The village where women can’t afford to report rape

The nearest police station is 120km away

23 September 2019 - 07:09 By Nombulelo Damba-Hendrik and GroundUp
subscribe Just R20 for the first month. Support independent journalism by subscribing to our digital news package.
Subscribe now
Women in this Eastern Cape village sometimes cannot afford to report a rape. And when they do, police may not investigate.
Women in this Eastern Cape village sometimes cannot afford to report a rape. And when they do, police may not investigate.
Image: GroundUp/Nombulelo Damba-Hendrik

Sihle* did not report an alleged attempted rape to police for three days because she could not afford to get to the nearest police station, 120km away.

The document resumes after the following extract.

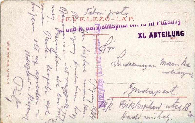 Beschreibung: Pozsony, Pressburg, Bratislava; vár, LUITPOLD oldalkerekes vontató gőzhajó / castle, Hungarian sidewheeler steam tug + "Katonai Ápolási Ügy"

Hers is one of many rape cases allegedly left uninvestigated because of a shortage of police in the Eastern Cape district where she lives.

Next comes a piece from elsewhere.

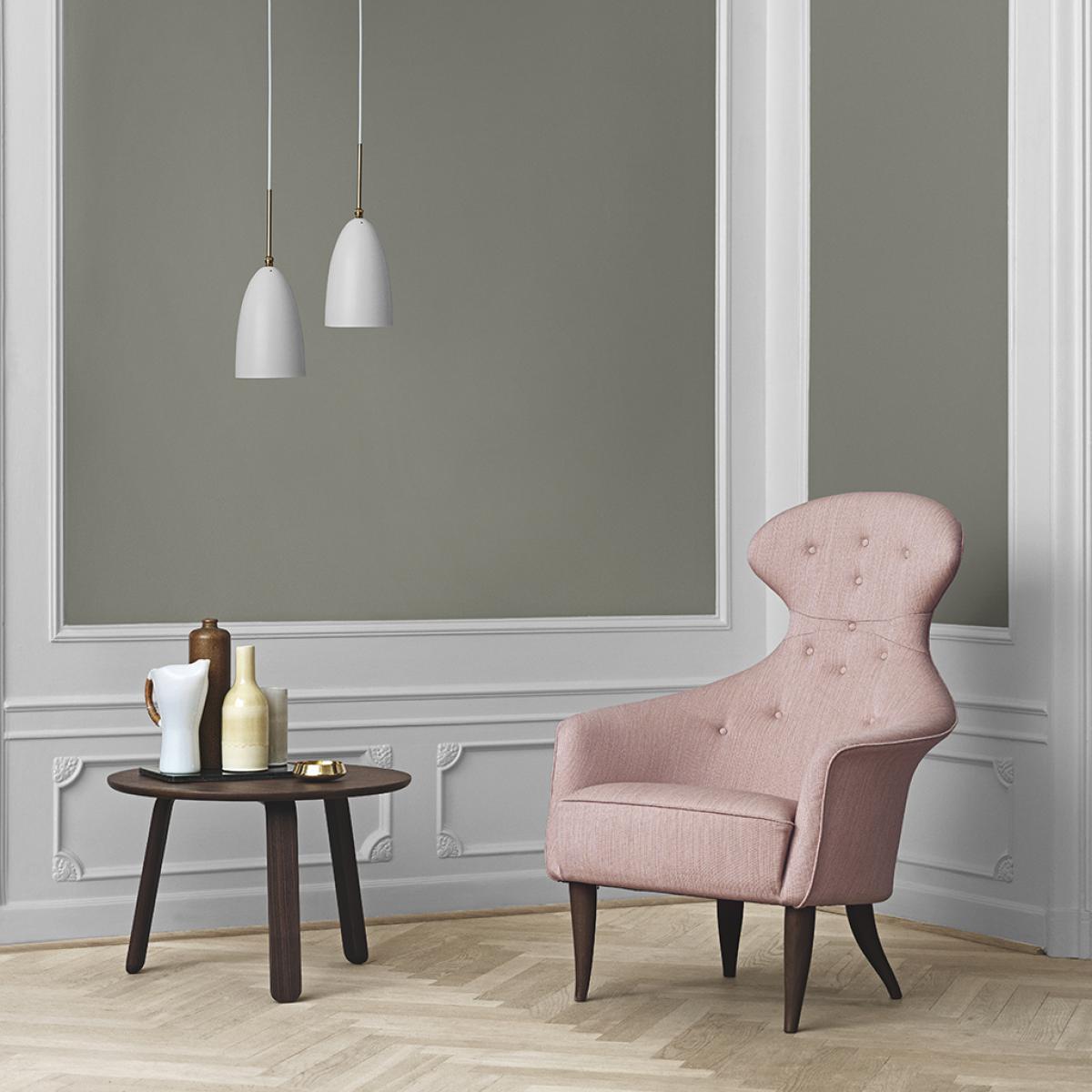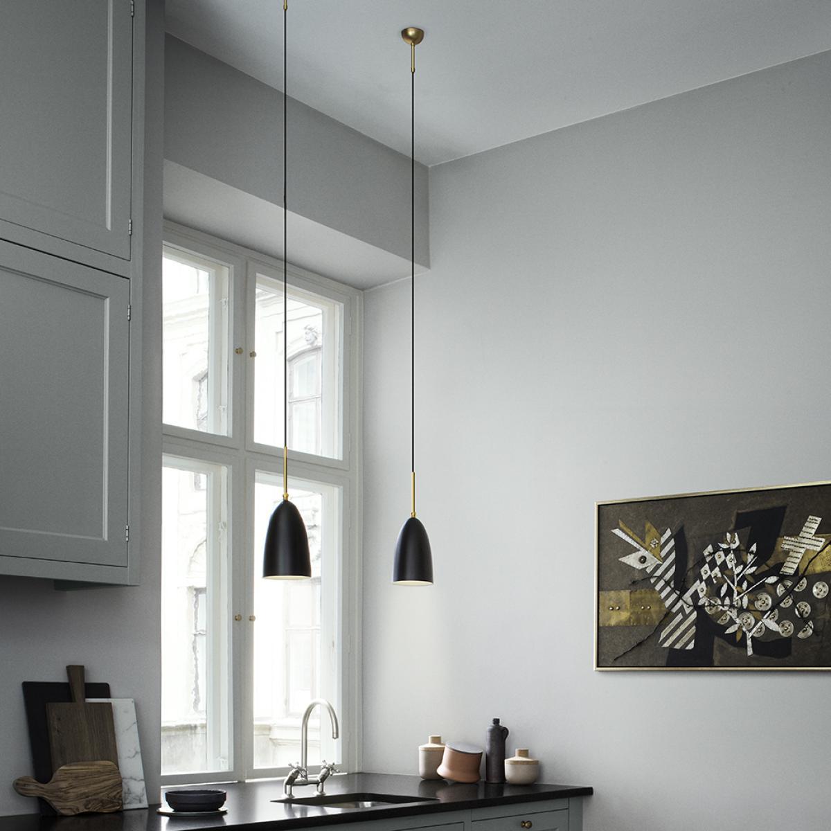 The unmistakable silhouette of Gretta Grossman's Gräshoppa Pendant Light for Gubi is informed by her 1947 Floor Lamp design. A staple of mid-20th-century design, the unique form of the Gräshoppa resembles its namesake insect; in this iteration, Gubi presents an intricately crafted powder-coated steel shade, descending from a brass-plated steel canopy and a solid brass swivel. Created over seven decades ago by the Swedish-born and California-based designer, the light is heavily influenced by European modernism. Inspired by designers such as Ludwig Mies van der Rohe and Walter Gropius, Grossman herself was a pioneer in shaping the aesthetic of mid-century North American modernism. Requires: 1x max. 6W E14 LED bulb (not included).

Nineteen-year-old Sihle told GroundUp that a 17-year-old boy from Uitkyk, Mhlanga village, had got into her house through a window.

She had screamed and her mother had grabbed the boy.

“I used a spray my father gave us when he went to Johannesburg for work. He cried, calling my mother to forgive him as she was beating him with pots. As I switched on the lights he escaped, but I saw his face,” said Sihle.

She said she called the nearest police station, at Lady Frere. The police promised to send a van, but didn't.

On the third day police told her to come to the station.

Residents of Uitkyk rely on one daily bus to Lady Frere, which leaves at 5.30am and comes back in the afternoon. The return fare is nearly R100.

Sihle said she borrowed R200 from a loan shark, which she had to repay with 50% interest.

“I asked my cousin to accompany me to the police station. I didn’t want to go alone,” said Sihle.

Mhlanga village has more than 600 houses and residents say crime is high due to lack of police. They say there was once a mobile police station, but it was taken away after three months.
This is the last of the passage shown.